Check 1: Upstream from the CSV export, the entry in the SQLite database for Xenbase:XB-GENE-29084259
seems to be fine. The JSON string in the properties column is parsed correctly by DB Browser for SQLite. The escaped quote character is required to keep the value string intact.
Check 2: Python's csv module, which was also used to export the data in the first place, can read kg_nodes.csv
without an issue and the suspicious entry seems also to be decoded correctly.
Check 3: LibreOffice Calc is able to load the relevant portion of the CSV file without a problem. The subset was generated with head kg_nodes.csv -n 70000 | tail -n 10000 > kg_nodes_subset.csv
. This was necessary because the full CSV file contains too many lines for the program.
Preliminary conclusion: It seems to be a problem with Neo4j's CSV loader. The CSV export in kgw uses Python's built-in csv module with writer = csv.writer(f, dialect="excel", quoting=csv.QUOTE_ALL)
, which was suggested somewhere on the web to have high compatibility. Perhaps another parameterization would result in a difference in how the quotes are set in the file, potentially so that Neo4j would also be able to load it.
I was able to reproduce the error with a fresh installation of neo4j 4.4.38
with apoc from https://github.com/neo4j-contrib/neo4j-apoc-procedures/releases/download/4.4.0.32/apoc-4.4.0.32-core.jar
.
Further observation: The slightly modified writer = csv.writer(f, dialect="excel", quoting=csv.QUOTE_ALL, escapechar='\\')
results in a CSV file that Neo4j can load.
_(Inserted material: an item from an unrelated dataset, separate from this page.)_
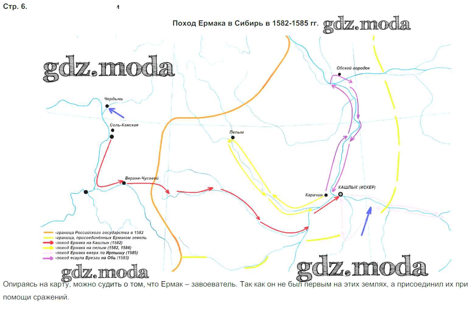ГДЗ решение к заданию № 6 История 7 класс контурные карты Тороп В.В. Дрофа 2020 ФГОС бесплатно на гдз.мода!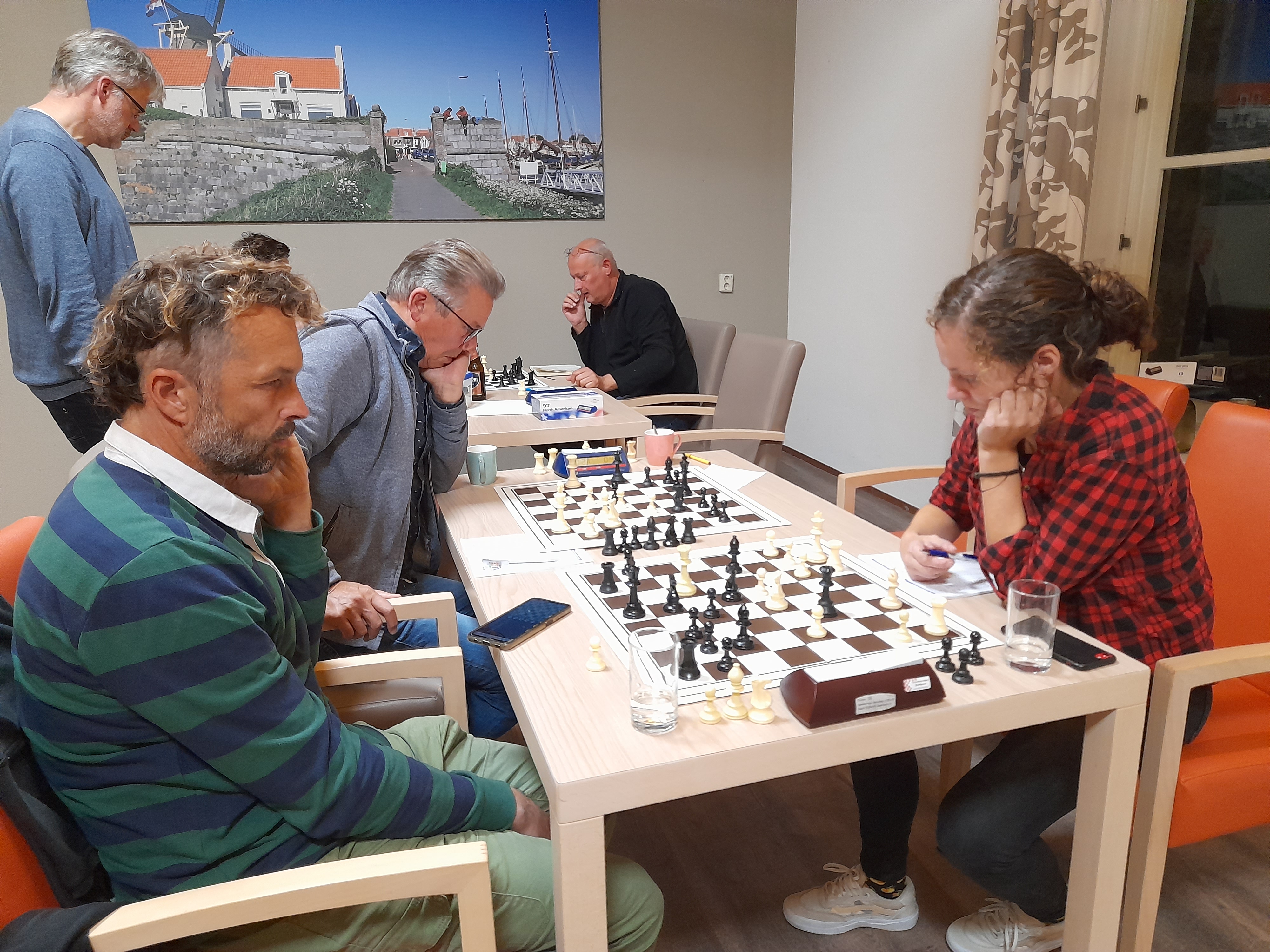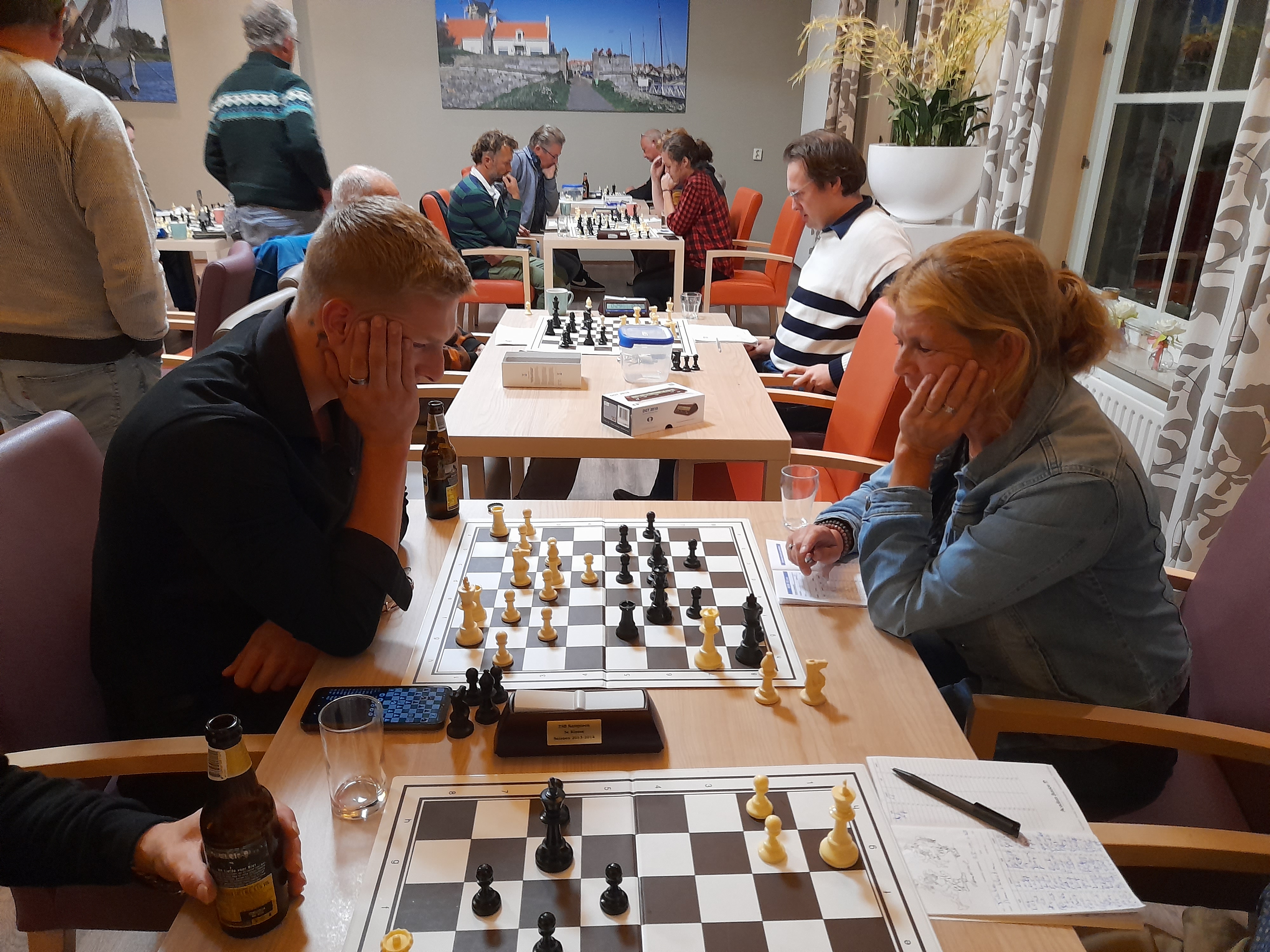 In speelronde zes van Schaakvereniging Zierikee hadden de schakers met de zwarte kleur een hele zware avond. Maar liefst negen van de twaalf partijen eindigden in het voordeel van wit. Koploper Sjaak Spiegels wist met zwart tegen concurrent Martin Krijger een remise uit het vuur te slepen. Kees van den Nieuwendijk en Erik de Vrieze waren de enigen die met zwart wisten te winnen, voor laatstgenoemde betekende dit een reuzensprong naar plaats vier. Liefhebbers van paardvorken kwamen ook weer aan hun trekken. Deed De Vrieze het slechts om een pion te veroveren, Laura Melkert deed niet aan half werk en veroverde er de dame van Marnix den Boer mee, en daarmee ook, verrassend, de partij.

When reading the file with Python's csv module, the raw data can be loaded as well, but the property column is different and using json.loads(nprop)
on it leads to a decoding error due to having \\"
instead of \"
within a quoted value, which leads the string to terminate too early.
while loading monarchkg_v2024-09-12/results/kg_nodes.csv into a neo4j db (version 5.24.2) i received this error:
the offending quotes are in the line containing character position 26116004:
there is a comma in the word 3,5-cyclic in the full name string ""full_name"":""retinal cone rhodopsin-sensitive cGMP 3\"",5\""-cyclic phosphodiesterase subunit gamma"" that is being read as a table delimiter because the code is erroneously inserting an escape sequence to include the
,
.this appears to break the json syntax but it might just be a neo4j thing, i haven't tried to import the csv file anywhere else.